## Task brief
Leave the pictures out. Return the rest of the listing below exactly.
*** Recorded information ***
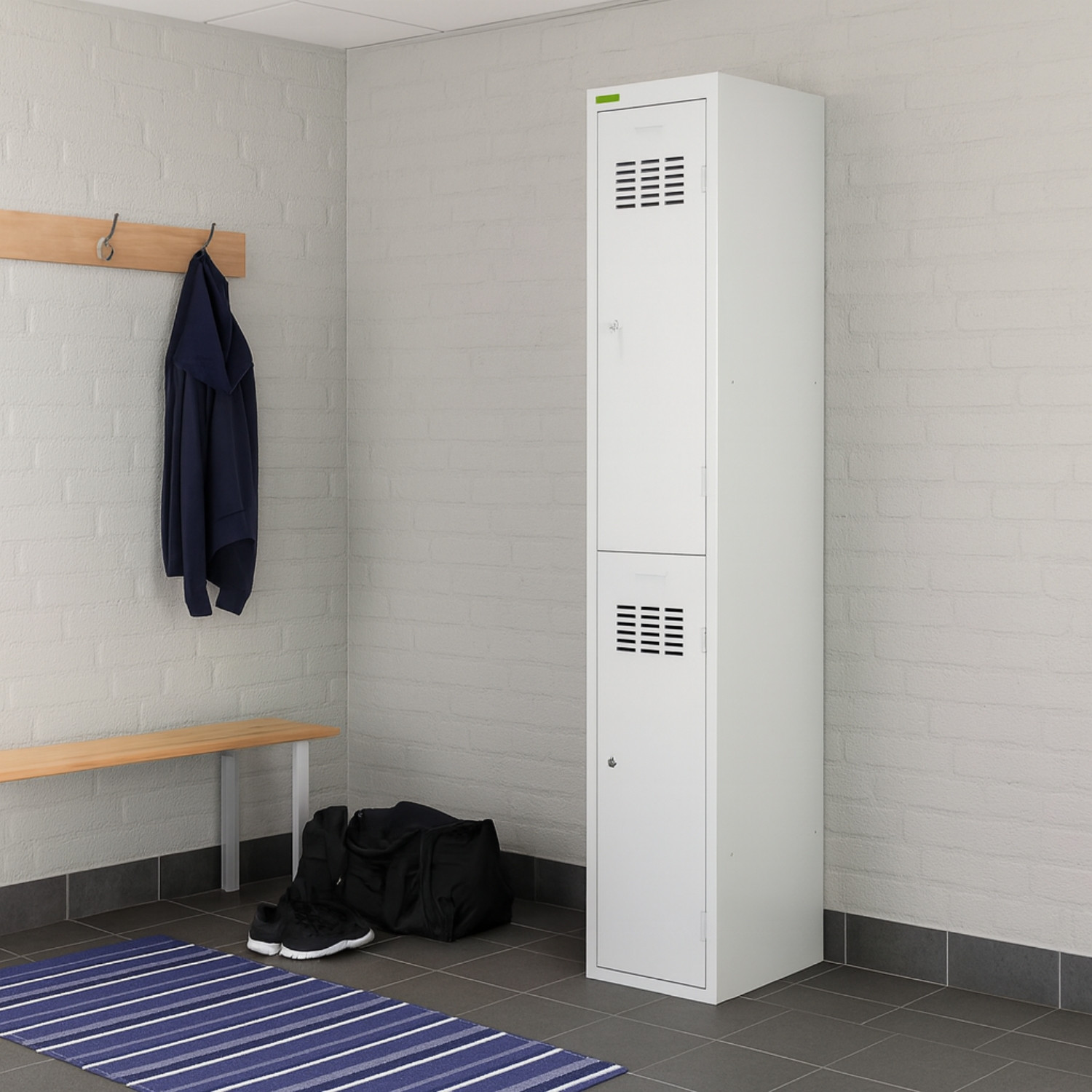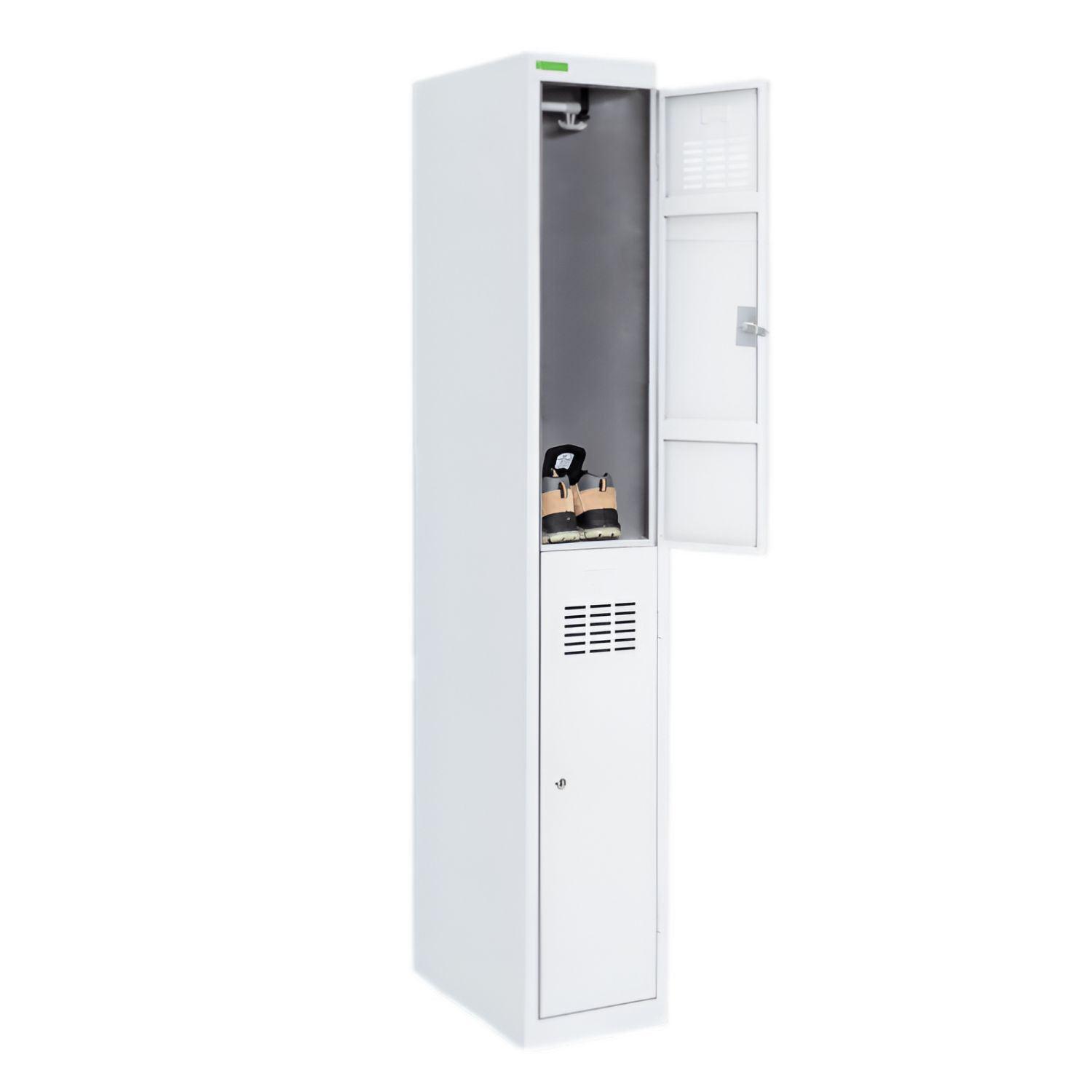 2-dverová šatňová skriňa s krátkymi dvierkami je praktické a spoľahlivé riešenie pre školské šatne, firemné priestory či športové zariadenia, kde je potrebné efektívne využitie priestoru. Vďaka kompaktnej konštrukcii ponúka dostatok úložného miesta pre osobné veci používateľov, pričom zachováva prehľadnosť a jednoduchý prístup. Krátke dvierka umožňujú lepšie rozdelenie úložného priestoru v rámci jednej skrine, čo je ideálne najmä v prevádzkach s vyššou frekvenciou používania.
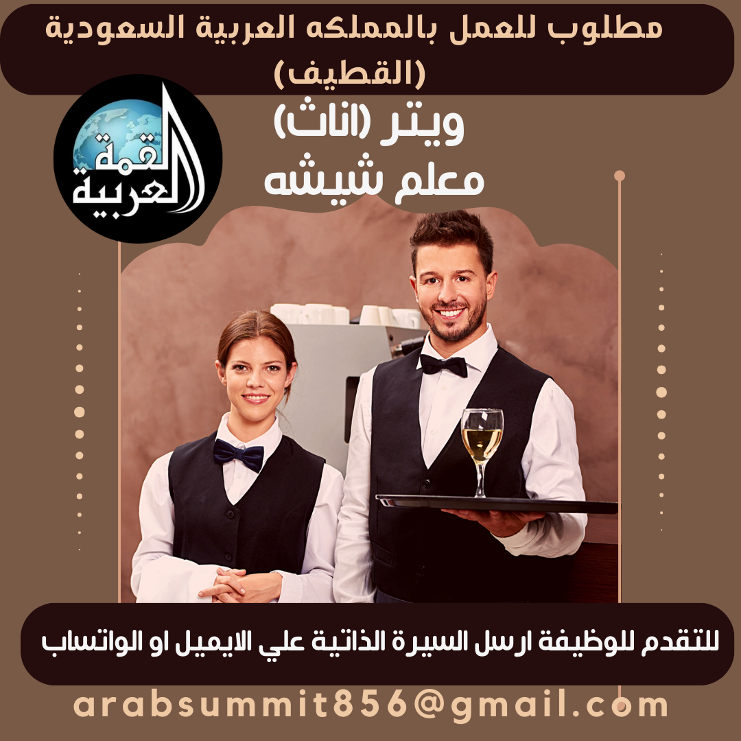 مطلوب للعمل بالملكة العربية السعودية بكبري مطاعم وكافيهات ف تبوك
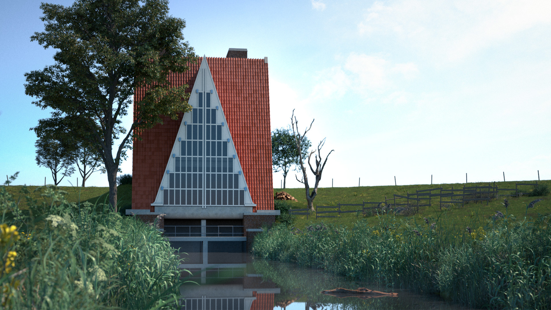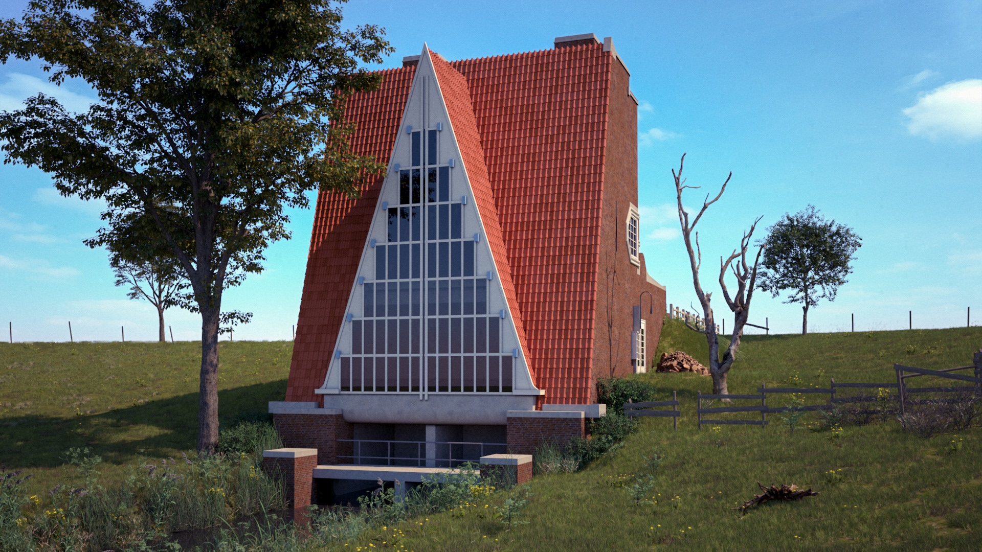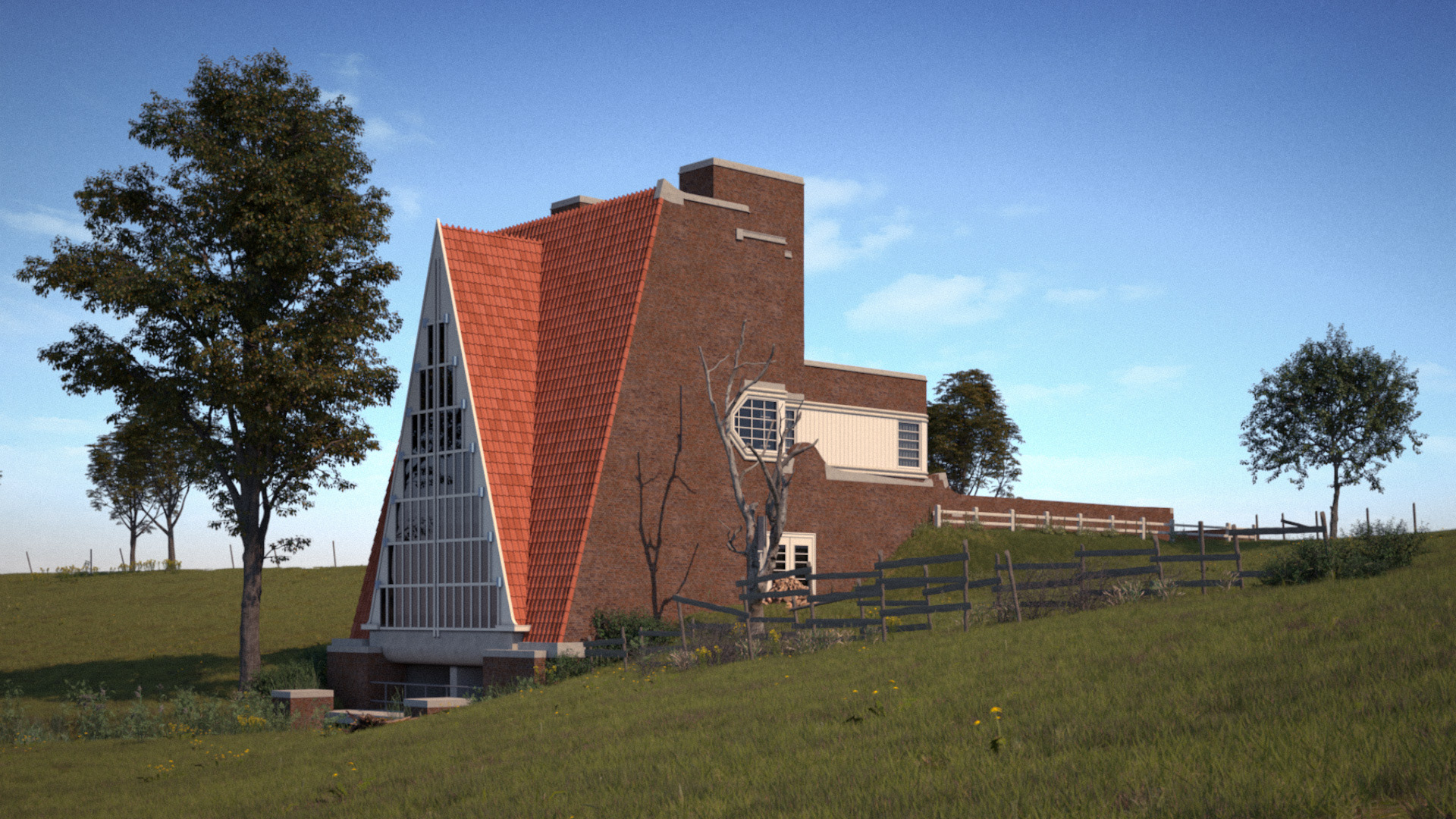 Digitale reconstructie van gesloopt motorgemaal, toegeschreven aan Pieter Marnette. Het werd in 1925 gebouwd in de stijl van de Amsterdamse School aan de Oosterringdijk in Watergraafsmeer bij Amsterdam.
*** End of Recorded information ***
## Output of the exercise
 2-dverová šatňová skriňa s krátkymi dvierkami je praktické a spoľahlivé riešenie pre školské šatne, firemné priestory či športové zariadenia, kde je potrebné efektívne využitie priestoru. Vďaka kompaktnej konštrukcii ponúka dostatok úložného miesta pre osobné veci používateľov, pričom zachováva prehľadnosť a jednoduchý prístup. Krátke dvierka umožňujú lepšie rozdelenie úložného priestoru v rámci jednej skrine, čo je ideálne najmä v prevádzkach s vyššou frekvenciou používania.
 مطلوب للعمل بالملكة العربية السعودية بكبري مطاعم وكافيهات ف تبوك
 Digitale reconstructie van gesloopt motorgemaal, toegeschreven aan Pieter Marnette. Het werd in 1925 gebouwd in de stijl van de Amsterdamse School aan de Oosterringdijk in Watergraafsmeer bij Amsterdam.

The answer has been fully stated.